Work order>
Starting with the line below that holds "雙人椅:寬124.2×深69.7×高98.5公分,座寬103公分" and stopping after the line that holds "Δερμάτινο σετ γραφείου", transcribe the lines exactly, leaving out all pictures.

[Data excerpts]

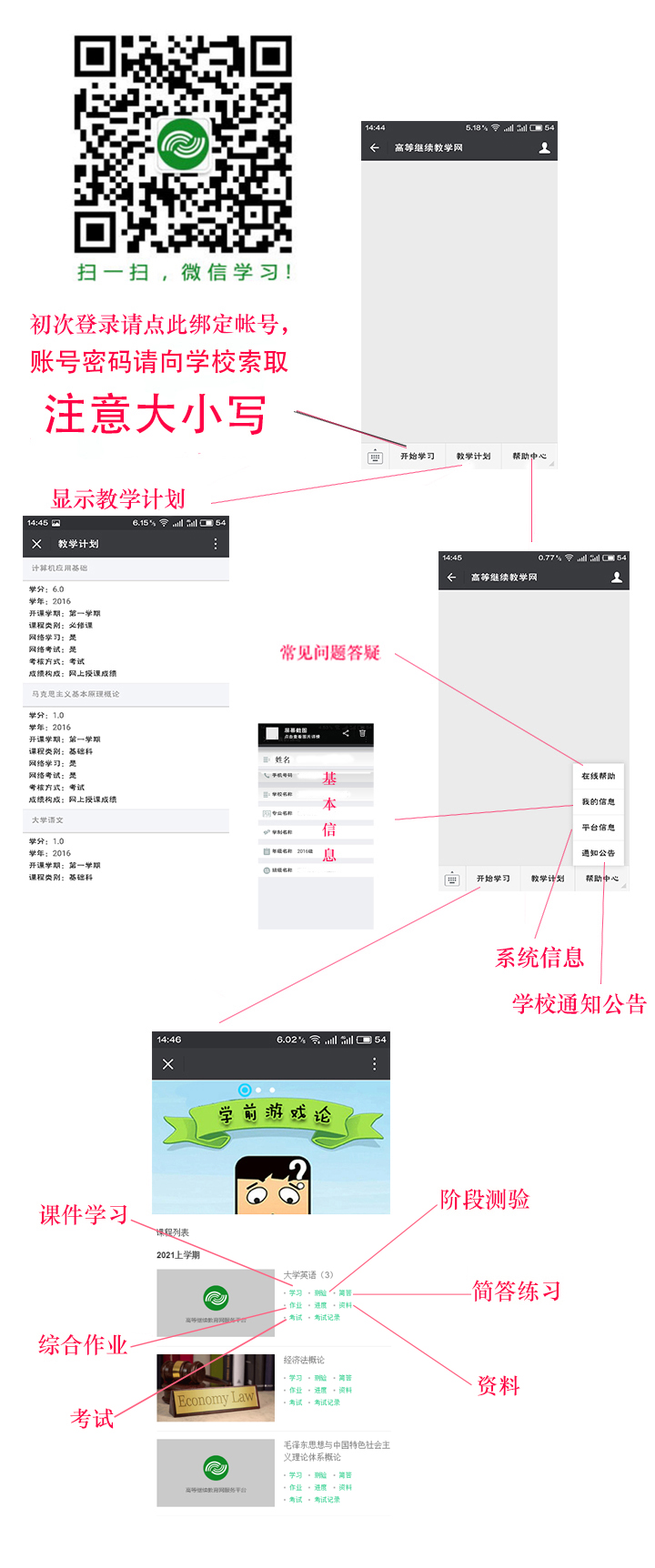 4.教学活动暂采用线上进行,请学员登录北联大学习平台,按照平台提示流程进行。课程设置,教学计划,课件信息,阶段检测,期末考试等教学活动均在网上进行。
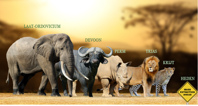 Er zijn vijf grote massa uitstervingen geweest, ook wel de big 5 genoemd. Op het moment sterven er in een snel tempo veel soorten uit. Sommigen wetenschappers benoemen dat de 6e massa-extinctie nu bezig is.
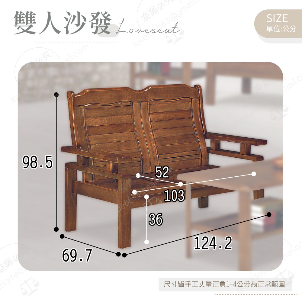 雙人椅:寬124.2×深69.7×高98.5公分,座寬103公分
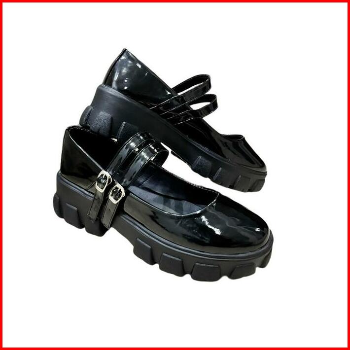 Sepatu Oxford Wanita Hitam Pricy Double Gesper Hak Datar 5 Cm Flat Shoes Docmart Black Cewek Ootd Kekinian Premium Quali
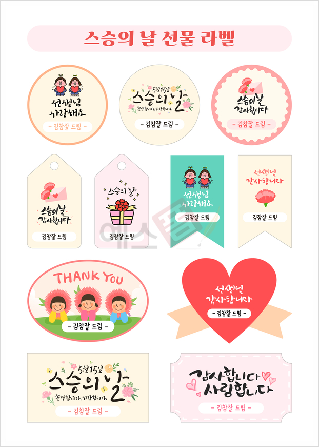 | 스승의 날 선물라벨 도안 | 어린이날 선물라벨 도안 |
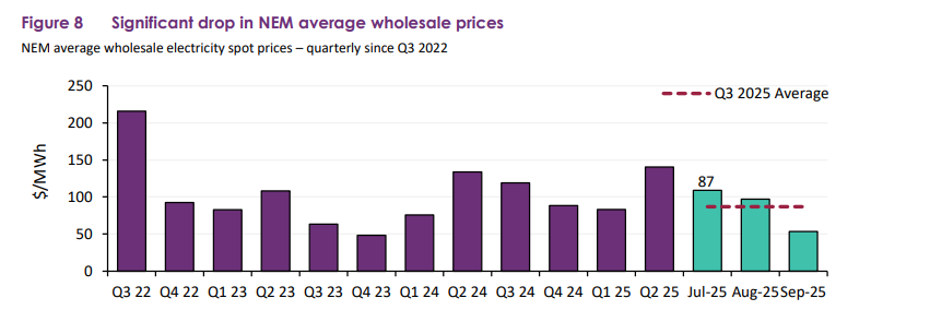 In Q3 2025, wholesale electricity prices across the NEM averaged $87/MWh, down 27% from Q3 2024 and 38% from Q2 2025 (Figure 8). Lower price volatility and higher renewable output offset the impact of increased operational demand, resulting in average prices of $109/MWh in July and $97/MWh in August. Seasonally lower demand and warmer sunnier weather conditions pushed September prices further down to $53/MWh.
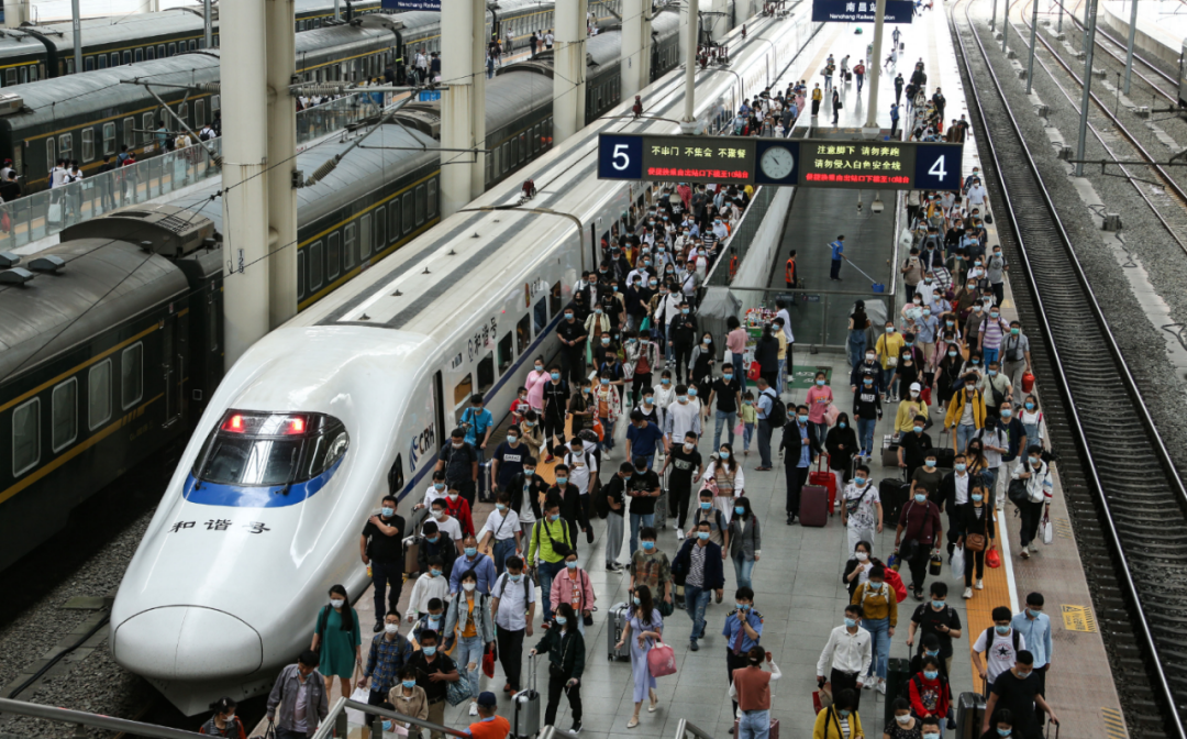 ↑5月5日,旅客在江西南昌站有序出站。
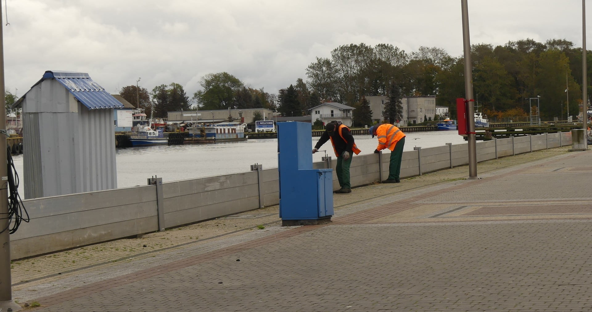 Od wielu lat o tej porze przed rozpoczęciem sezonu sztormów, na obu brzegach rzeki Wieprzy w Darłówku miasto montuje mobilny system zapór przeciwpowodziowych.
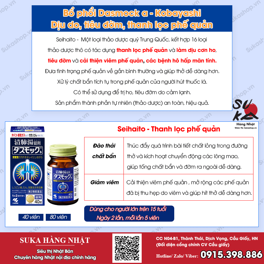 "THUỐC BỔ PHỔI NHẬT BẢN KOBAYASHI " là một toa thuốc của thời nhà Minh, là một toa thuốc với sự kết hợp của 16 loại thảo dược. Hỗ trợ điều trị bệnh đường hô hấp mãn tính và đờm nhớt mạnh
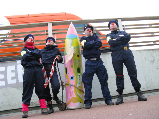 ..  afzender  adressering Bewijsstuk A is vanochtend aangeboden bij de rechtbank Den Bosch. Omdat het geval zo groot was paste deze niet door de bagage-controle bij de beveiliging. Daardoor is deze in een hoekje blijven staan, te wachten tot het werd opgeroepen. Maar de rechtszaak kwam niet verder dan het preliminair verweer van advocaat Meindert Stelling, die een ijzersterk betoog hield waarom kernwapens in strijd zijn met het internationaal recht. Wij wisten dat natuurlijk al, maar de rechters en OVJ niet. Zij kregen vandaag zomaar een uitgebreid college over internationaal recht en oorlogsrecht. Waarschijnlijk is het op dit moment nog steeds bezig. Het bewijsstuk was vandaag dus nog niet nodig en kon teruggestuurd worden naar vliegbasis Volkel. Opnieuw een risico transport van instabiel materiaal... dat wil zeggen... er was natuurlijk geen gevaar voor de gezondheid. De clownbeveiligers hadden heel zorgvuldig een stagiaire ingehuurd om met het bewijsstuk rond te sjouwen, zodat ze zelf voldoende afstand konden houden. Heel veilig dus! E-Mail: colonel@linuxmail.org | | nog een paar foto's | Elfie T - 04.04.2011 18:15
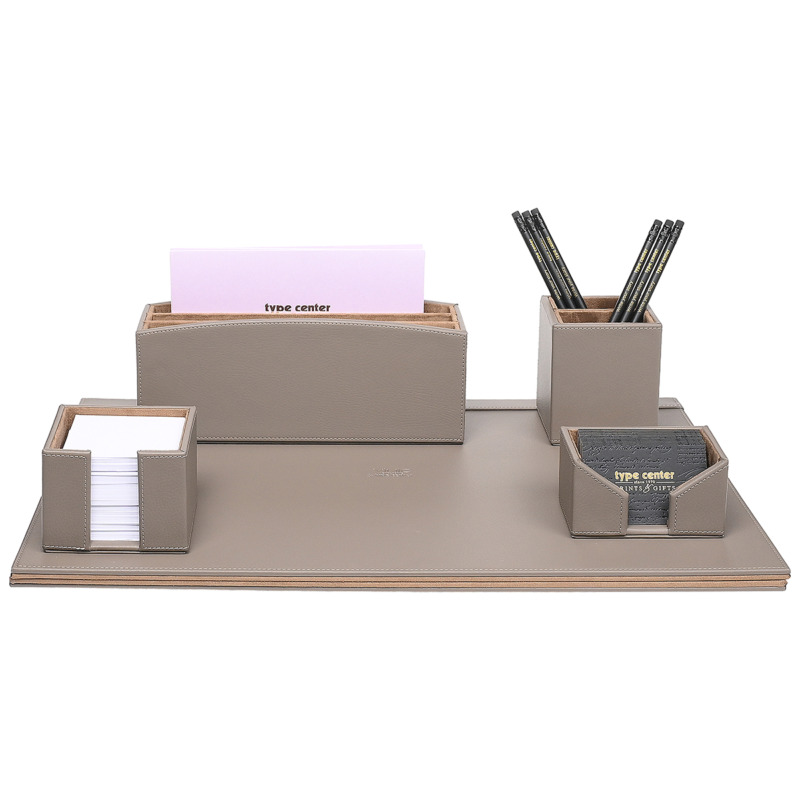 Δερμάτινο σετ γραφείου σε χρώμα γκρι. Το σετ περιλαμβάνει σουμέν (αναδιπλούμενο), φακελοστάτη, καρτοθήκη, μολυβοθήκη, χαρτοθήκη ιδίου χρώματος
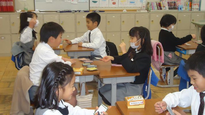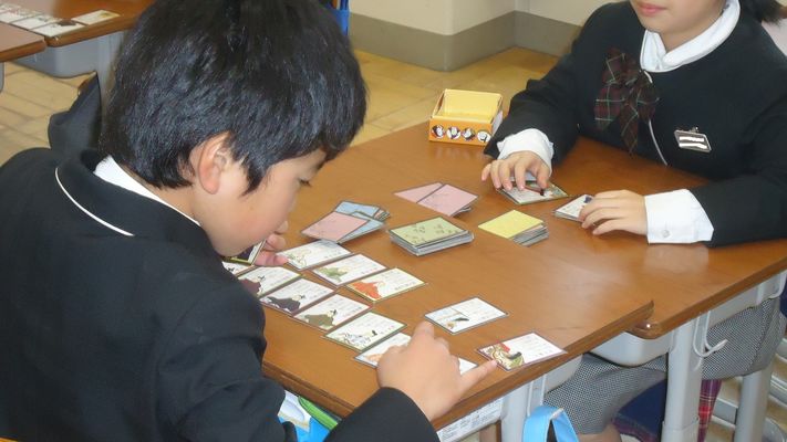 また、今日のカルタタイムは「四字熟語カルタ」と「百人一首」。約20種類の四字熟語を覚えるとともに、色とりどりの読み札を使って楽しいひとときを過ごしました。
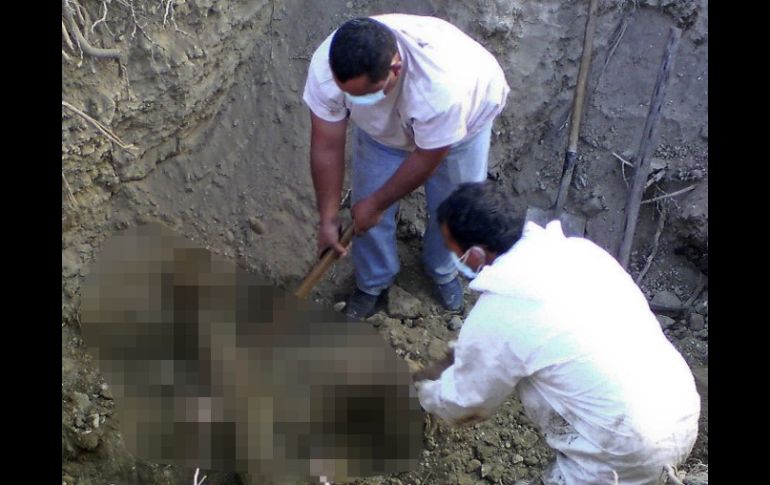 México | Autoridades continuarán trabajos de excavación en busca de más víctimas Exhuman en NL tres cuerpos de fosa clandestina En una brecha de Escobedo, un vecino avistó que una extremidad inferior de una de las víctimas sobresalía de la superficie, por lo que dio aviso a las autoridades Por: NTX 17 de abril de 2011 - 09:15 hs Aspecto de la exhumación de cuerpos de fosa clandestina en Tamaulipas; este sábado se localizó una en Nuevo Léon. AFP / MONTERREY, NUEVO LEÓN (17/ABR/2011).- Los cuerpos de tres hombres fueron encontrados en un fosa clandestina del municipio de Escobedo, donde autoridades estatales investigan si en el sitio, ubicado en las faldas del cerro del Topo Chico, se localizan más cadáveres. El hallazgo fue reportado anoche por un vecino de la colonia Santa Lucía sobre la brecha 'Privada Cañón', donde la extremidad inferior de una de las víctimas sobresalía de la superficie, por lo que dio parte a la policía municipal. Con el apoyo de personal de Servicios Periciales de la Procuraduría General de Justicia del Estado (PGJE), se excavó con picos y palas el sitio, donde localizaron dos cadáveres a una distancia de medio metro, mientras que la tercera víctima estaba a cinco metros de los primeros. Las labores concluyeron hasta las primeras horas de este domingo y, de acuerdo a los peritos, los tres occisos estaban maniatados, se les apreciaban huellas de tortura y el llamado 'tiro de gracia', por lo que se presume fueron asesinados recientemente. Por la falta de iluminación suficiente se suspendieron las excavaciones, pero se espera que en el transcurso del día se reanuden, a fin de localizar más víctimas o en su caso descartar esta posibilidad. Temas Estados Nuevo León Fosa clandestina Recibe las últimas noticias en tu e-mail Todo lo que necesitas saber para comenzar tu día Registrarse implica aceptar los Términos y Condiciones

Result below>
 雙人椅:寬124.2×深69.7×高98.5公分,座寬103公分
 Sepatu Oxford Wanita Hitam Pricy Double Gesper Hak Datar 5 Cm Flat Shoes Docmart Black Cewek Ootd Kekinian Premium Quali
 | 스승의 날 선물라벨 도안 | 어린이날 선물라벨 도안 |
 In Q3 2025, wholesale electricity prices across the NEM averaged $87/MWh, down 27% from Q3 2024 and 38% from Q2 2025 (Figure 8). Lower price volatility and higher renewable output offset the impact of increased operational demand, resulting in average prices of $109/MWh in July and $97/MWh in August. Seasonally lower demand and warmer sunnier weather conditions pushed September prices further down to $53/MWh.
 ↑5月5日,旅客在江西南昌站有序出站。
 Od wielu lat o tej porze przed rozpoczęciem sezonu sztormów, na obu brzegach rzeki Wieprzy w Darłówku miasto montuje mobilny system zapór przeciwpowodziowych.
 "THUỐC BỔ PHỔI NHẬT BẢN KOBAYASHI " là một toa thuốc của thời nhà Minh, là một toa thuốc với sự kết hợp của 16 loại thảo dược. Hỗ trợ điều trị bệnh đường hô hấp mãn tính và đờm nhớt mạnh
 ..  afzender  adressering Bewijsstuk A is vanochtend aangeboden bij de rechtbank Den Bosch. Omdat het geval zo groot was paste deze niet door de bagage-controle bij de beveiliging. Daardoor is deze in een hoekje blijven staan, te wachten tot het werd opgeroepen. Maar de rechtszaak kwam niet verder dan het preliminair verweer van advocaat Meindert Stelling, die een ijzersterk betoog hield waarom kernwapens in strijd zijn met het internationaal recht. Wij wisten dat natuurlijk al, maar de rechters en OVJ niet. Zij kregen vandaag zomaar een uitgebreid college over internationaal recht en oorlogsrecht. Waarschijnlijk is het op dit moment nog steeds bezig. Het bewijsstuk was vandaag dus nog niet nodig en kon teruggestuurd worden naar vliegbasis Volkel. Opnieuw een risico transport van instabiel materiaal... dat wil zeggen... er was natuurlijk geen gevaar voor de gezondheid. De clownbeveiligers hadden heel zorgvuldig een stagiaire ingehuurd om met het bewijsstuk rond te sjouwen, zodat ze zelf voldoende afstand konden houden. Heel veilig dus! E-Mail: colonel@linuxmail.org | | nog een paar foto's | Elfie T - 04.04.2011 18:15
 Δερμάτινο σετ γραφείου σε χρώμα γκρι. Το σετ περιλαμβάνει σουμέν (αναδιπλούμενο), φακελοστάτη, καρτοθήκη, μολυβοθήκη, χαρτοθήκη ιδίου χρώματος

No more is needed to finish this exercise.